A progressive and measured perspective has been paved for the implementation of the international law. The article reads: No one shall be imprisoned merely on the ground of inability to fulfil a contractual obligation. Art. 21 of the Constitution poses the question in the face of the constitutional protection of life and liberty as expanded by a chain of ruling of this Court beginning with Maneka Gandhi v. Union of India. Thus, Article 11, grants immunity from imprisonment to indigent but honest appellants. Unless there is some other vice or mens rea apart from failure to foot the decree, international law frowns on holding the debtor’s person in civil prison, hostage by the court.
Section 51 declares that if the debtor has no means to pay he cannot be arrested and detained. If he has and still refuses or neglects to honour his obligation or if he commits acts of bad faith, he incurs the liability to imprisonment under s. 51 of the Code, which is in the essence of Article 11 and does not violate the mandate. But a part of the section is found to be violative of the article where it holds the person liable if he happens to incur the amount after the filing of the decree.
Sri Krishnamurthi Iyer fairly agreed that the law being what we have stated, it is necessary to direct the executing court to re-adjudicate on the present means of the debtor’s vis a vis the present pressures of their indebtedness, or whether they have had the ability to pay but have improperly evaded or postponed doing so or otherwise dishonestly committed acts of bad faith respecting their assets.
The case of Jolly Varghese provides clarity about the relations between international treaties and state laws, both of which are distinct legal systems. India follows the state of dualist theory of international law which lays down that for any international treaty, the executive cannot be guided to follow them in absence of national law.
“Human Rights-in National and International Law” specifically lays down that the international conventions first have to be transformed into municipal law for the active exercise under the rule of law of the state to take place.

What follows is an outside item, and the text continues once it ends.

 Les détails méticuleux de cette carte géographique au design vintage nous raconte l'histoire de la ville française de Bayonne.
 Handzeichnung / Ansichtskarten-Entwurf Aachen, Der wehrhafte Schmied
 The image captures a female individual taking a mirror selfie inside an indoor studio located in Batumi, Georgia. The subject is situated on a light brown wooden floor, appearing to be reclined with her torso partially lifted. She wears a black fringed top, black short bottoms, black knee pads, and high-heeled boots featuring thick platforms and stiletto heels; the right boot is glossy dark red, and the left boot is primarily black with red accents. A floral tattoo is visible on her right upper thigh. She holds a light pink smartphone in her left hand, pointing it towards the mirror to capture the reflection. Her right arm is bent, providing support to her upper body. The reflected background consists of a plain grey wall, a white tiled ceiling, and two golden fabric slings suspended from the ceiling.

However, the treaties are paradoxically considered to be self-enforceable, i.e., they apply automatically in the municipal sphere, except in cases where an amendment to the Constitution or existing law is required, or when the enactment of a new law is required.

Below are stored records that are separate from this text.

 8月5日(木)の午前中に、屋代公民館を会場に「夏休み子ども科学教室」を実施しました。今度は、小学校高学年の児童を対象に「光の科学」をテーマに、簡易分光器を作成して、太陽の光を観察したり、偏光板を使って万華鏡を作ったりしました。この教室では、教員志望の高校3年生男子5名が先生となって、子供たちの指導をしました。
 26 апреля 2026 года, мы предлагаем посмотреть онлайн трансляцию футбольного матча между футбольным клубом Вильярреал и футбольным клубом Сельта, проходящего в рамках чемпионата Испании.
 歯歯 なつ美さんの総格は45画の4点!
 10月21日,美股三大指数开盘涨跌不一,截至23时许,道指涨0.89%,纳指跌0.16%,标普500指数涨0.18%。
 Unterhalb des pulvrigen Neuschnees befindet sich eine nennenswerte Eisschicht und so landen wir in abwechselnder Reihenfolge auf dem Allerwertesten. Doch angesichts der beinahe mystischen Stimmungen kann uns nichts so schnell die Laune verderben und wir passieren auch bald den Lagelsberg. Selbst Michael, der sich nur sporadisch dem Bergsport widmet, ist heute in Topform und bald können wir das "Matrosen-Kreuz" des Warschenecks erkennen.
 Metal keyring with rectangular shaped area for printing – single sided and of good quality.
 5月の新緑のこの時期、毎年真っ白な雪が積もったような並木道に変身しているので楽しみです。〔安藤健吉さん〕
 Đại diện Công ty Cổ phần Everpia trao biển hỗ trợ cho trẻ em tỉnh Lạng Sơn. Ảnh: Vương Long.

Therefore, courts can rely on treaty principles that do not conflict with the provisions of the laws of India. Several such laws have been enacted by the Indian Parliament once India has become a signatory to related treaties and conventions. Example: The Diplomatic Relation (Vienna Conventions) Act 1972. Protection of Human Rights Act 1993, SAARC Convention (Suppression of Terrorism) Act 1993. Similar Acts are issued about territorial waters, exclusive economic zone etc.